Federal courts have said mental health professionals — not prison officials — should dictate treatment.

But Rudolph Alexander, an Ohio State University professor who has studied the treatment of inmates with gender identity disorder, believes mental health providers are reluctant to say the surgery is medically necessary because they fear for their jobs. Almost always, the deciding physician is a state employee or has a contract with it.

Advocates argue that treating repeated self-mutilations costs more than the surgeries. De'lonta, for example, has needed expensive airlifts three times for self-inflicted wounds.

The hormones and other treatments had kept her urges in check for years. She snapped Oct. 8 when an officer used a male pronoun toward her, despite a court order that prison workers refer to her as a woman.

"I screamed 'She, damnit!' becoming so overwhelmed it was hard to breathe," De'lonta said.

Looking down, she felt repulsed and helpless. She cried herself to sleep, then hours later she prepared for her surgery attempt by covering her cell door's window with paper and putting towels around the commode.
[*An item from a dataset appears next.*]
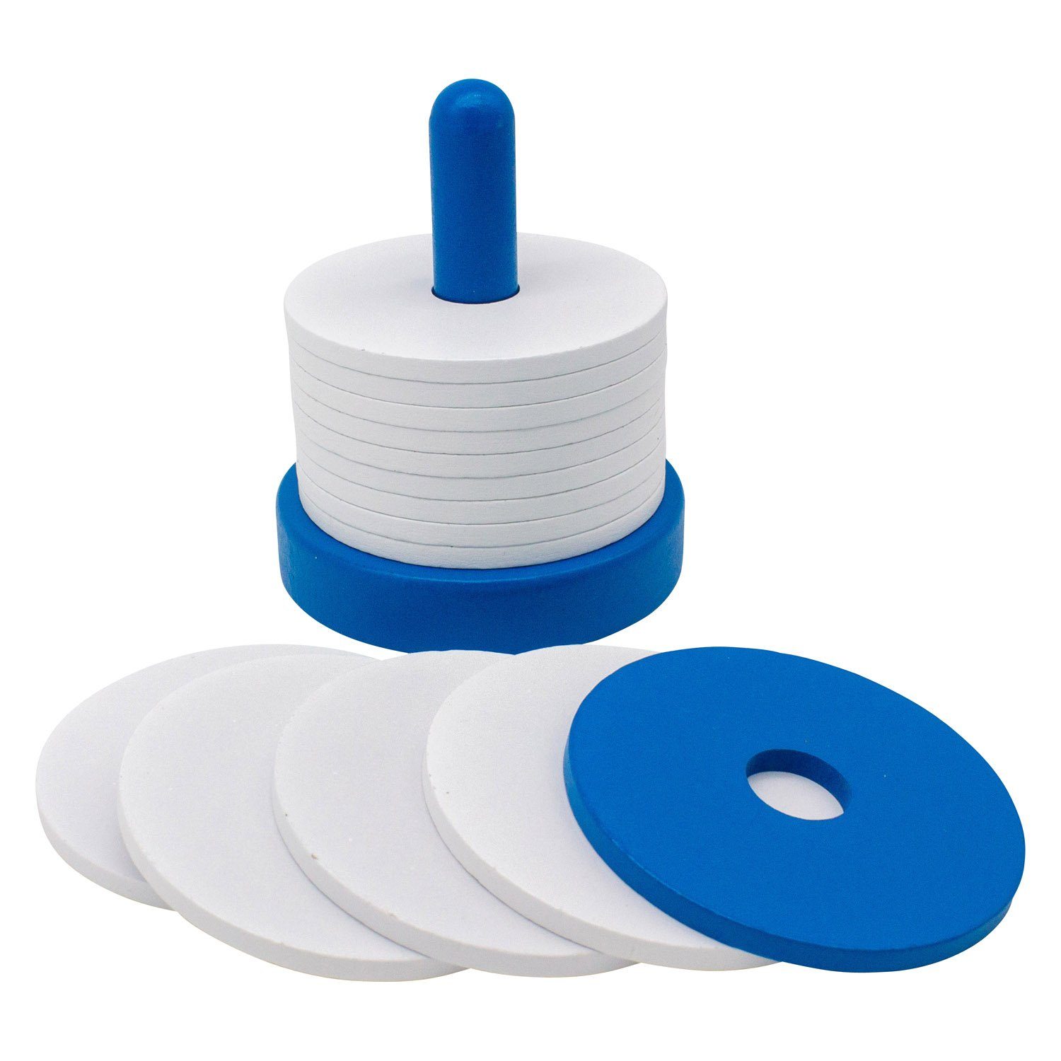 Unser Schockbesteck besteht aus 14 stabilen Holzscheiben. Die Scheiben sind angenehm in der Handhabung. Sie sind farblich klar gegliedert: 13 Scheiben sind weiß, eine ist blau. Diese Farbverteilung dient der Übersicht im Spiel und hilft, den Spielstand einfach und deutlich darzustellen.

Using knowledge gained from mail-order anatomy books, De'lonta cut on and off for three hours before she passed out. It took 21 stitches to repair the damage.

"It's like if this doesn't exist, then I won't have any more problems," she said.

Born Michael Stokes, she didn't understand from an early age why other girls' names were different from hers, or why she felt no connection to the boys in her gym class.

She constantly looked in mirrors and couldn't understand why the reflection was so unlike how she envisioned herself.

Years ago she legally changed her name. Ophelia was chosen for the Shakespearean woman who died for love; De'lonta because it was the last name of a slain friend; middle name Azriel for the angel who helps one cross over.

De'lonta first tried to cut herself when she was 12. By 17, she was robbing banks with the hopes of getting enough money to have a sex change operation. By 18, she was in prison, sentenced to more than 70 years for robbery, drugs, weapons and other charges.

She is eligible for parole this year, but a wide range of prison infractions mean it's unlikely she'll be released any time soon. Asked why she can't just wait until she's free to get the surgery, De'lonta says she would if she could.

"This is not something that I have any control over," she says. "This is just how I was born."

___

Associated Press Writer Denise Lavoie contributed to this story from Boston.